4. A crack depth sounder according to claim 3, characterized in that, The telescopic structure (43) includes a sleeve (431) and a telescopic ball (432). The two ends of the sleeve (431) are slidably connected to the two rod segments (41) respectively. The inner wall of the sleeve (431) is provided with a groove and a number of positioning holes (4311). The positioning holes (4311) are arranged axially at fixed intervals L. The outer walls of the rod segments (41) at both ends are movably provided with telescopic balls (432). The telescopic balls (432) slide along the groove to extend out of any one of the positioning holes (4311).
5. A crack depth sounder according to claim 2, characterized in that, There are four transmitting transducers (2) and four receiving transducers (3), and the four transmitting transducers (2) and the four receiving transducers (3) are arranged at a fixed interval L along the axial direction of the adjusting rod (4).

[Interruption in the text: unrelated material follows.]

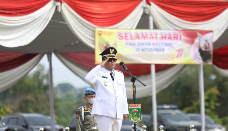 Lampung Tengah (MIN-SMSI) – Wakil Bupati Lampung Tengah Dr. Ardito Wijaya Pimpin Apel Upacara peringatan Hari Pahlawan ke-77 di lapangan Merdeka Gunung Sugih Kabupaten setempat, Kamis (10/11/2022).

6. A crack depth sounder according to claim 1, characterized in that, The adsorption head (5) is a circular suction cup structure. An adapter hole (51) is provided in the center of the circular suction cup structure. The detection ends of the transmitting transducer (2) and the receiving transducer (3) can pass through the adapter hole (51) and be interference-fitted with the suction cup.
7. A crack depth sounder according to claim 1, characterized in that, The transmitting transducer (2) and the receiving transducer (3) are both rotatably mounted on the adjusting rod (4) via the mounting structure (6), and the adsorption heads (5) at the detection ends of the transmitting transducer (2) and the receiving transducer (3) can be rotatably rotated to contact the building surface.
8. A crack depth sounder according to claim 7, characterized in that, The mounting structure (6) includes a housing (61) and a hinge seat (62). The housing (61) has a cavity structure inside. The hinge seat (62) is disposed on the surface of the adjusting rod (4). The housing (61) is hinged to the hinge seat (62). The transmitting transducer (2) and the receiving transducer (3) are fixedly disposed in the cavity structure of the housing (61). The housing (61) has a through hole (611). The detection ends of the transmitting transducer (2) and the receiving transducer (3) pass through the through hole (611).
9. A crack depth sounder according to claim 8, characterized in that, The housing (61) is provided with a cable hole (612) for wires to pass through.